WORK REQUIRED: Once the images are set aside, print the remaining lines below exactly.

SUPPLIED DATA:
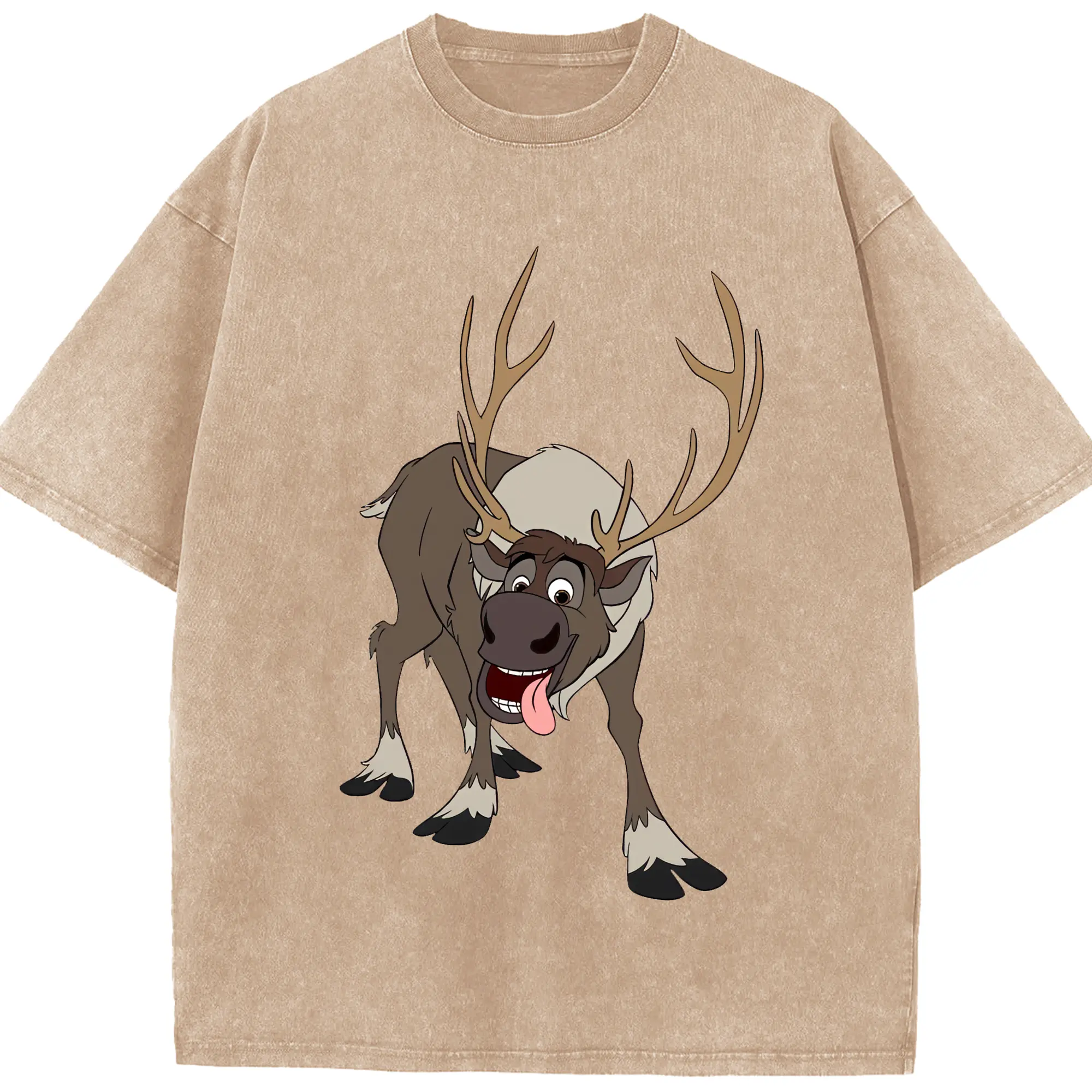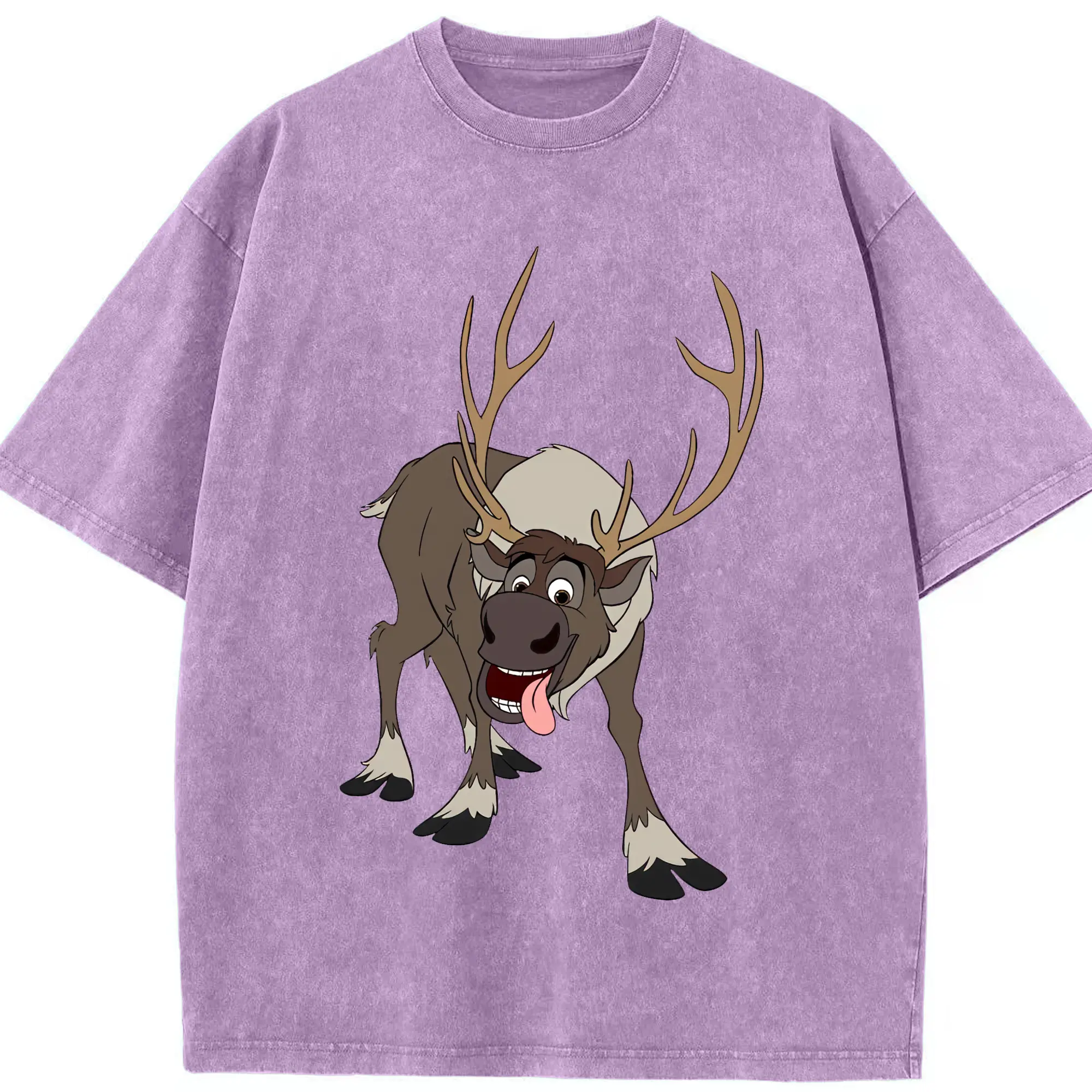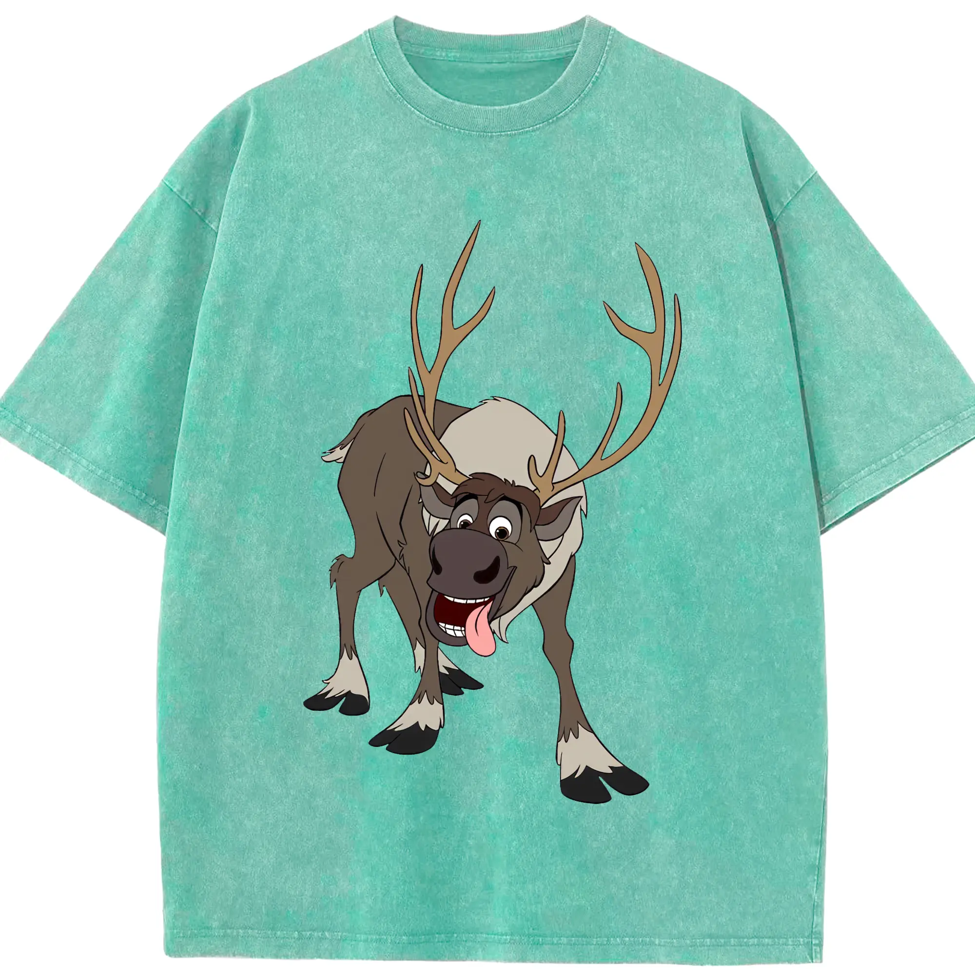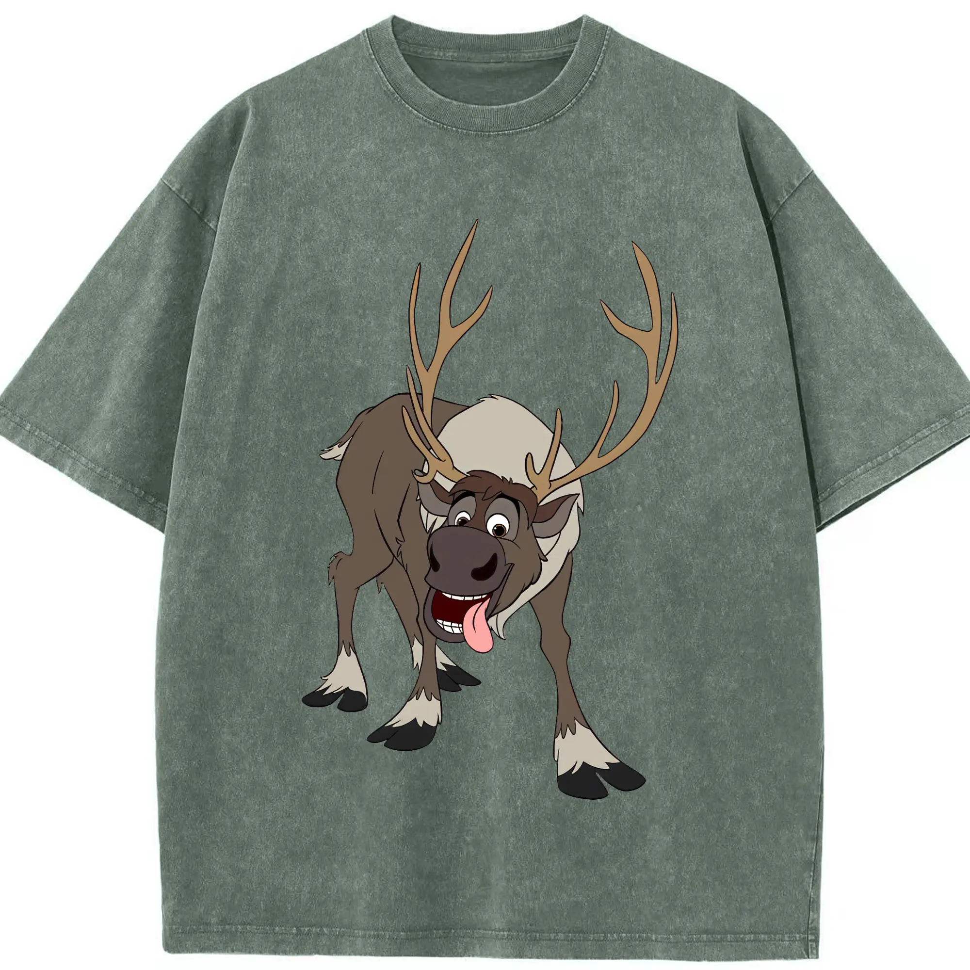 アナと雪の女王(Frozen) グッズ スヴェン(Sven) - 綿100% ヴィンテージ風 半袖Tシャツ ・ 背面プリント ・ 柔らか肌触り ・ 通気性 快適 ・ スポーツ カジュアル 外出用
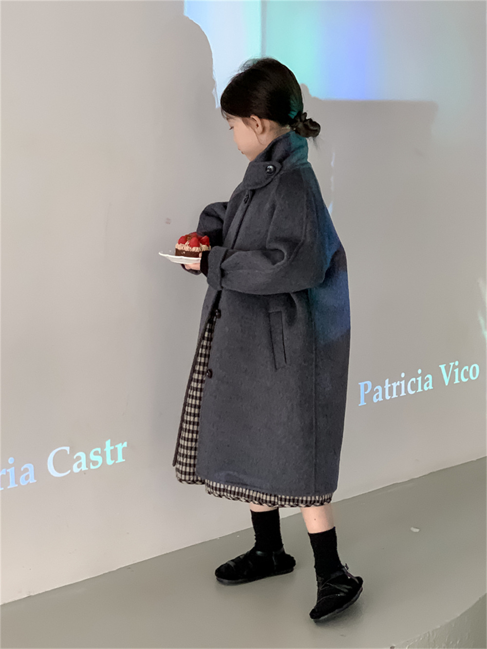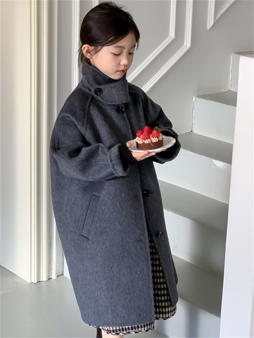 꽃과 찾는 아이 어린이 양면 양면 양모 코트 2024 신소녀 겨울 모직 코트 걸스 트렌디
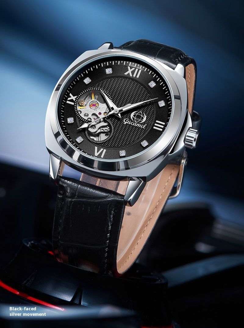 Automatic watch Gutuo Men's fully automatic mechanical watch Business fashion diamond inlaid watch Nightlight creative watch
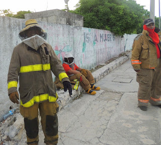 Fire fighters disposing of a nest of angry hornetsHasta Luego, Lynda, Lawrie and Sparky ~
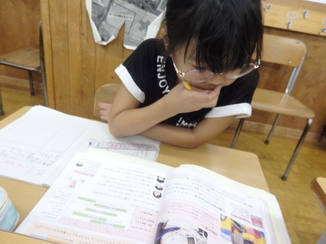 3年生の3時間目は算数の授業でした。あまりのある割り算の学習です。「23個の栗を4個ずつ袋に入れると、何袋できて何個あまりますか」という問題に取り組んでいました。教科書に載っている2人の子の意見を読んで、「分かったこと」や「違うところ」「こういうことじゃないかな」などの意見を出していきました。

WRITTEN REPLY:
 アナと雪の女王(Frozen) グッズ スヴェン(Sven) - 綿100% ヴィンテージ風 半袖Tシャツ ・ 背面プリント ・ 柔らか肌触り ・ 通気性 快適 ・ スポーツ カジュアル 外出用
 꽃과 찾는 아이 어린이 양면 양면 양모 코트 2024 신소녀 겨울 모직 코트 걸스 트렌디
 Automatic watch Gutuo Men's fully automatic mechanical watch Business fashion diamond inlaid watch Nightlight creative watch
 Fire fighters disposing of a nest of angry hornetsHasta Luego, Lynda, Lawrie and Sparky ~
 3年生の3時間目は算数の授業でした。あまりのある割り算の学習です。「23個の栗を4個ずつ袋に入れると、何袋できて何個あまりますか」という問題に取り組んでいました。教科書に載っている2人の子の意見を読んで、「分かったこと」や「違うところ」「こういうことじゃないかな」などの意見を出していきました。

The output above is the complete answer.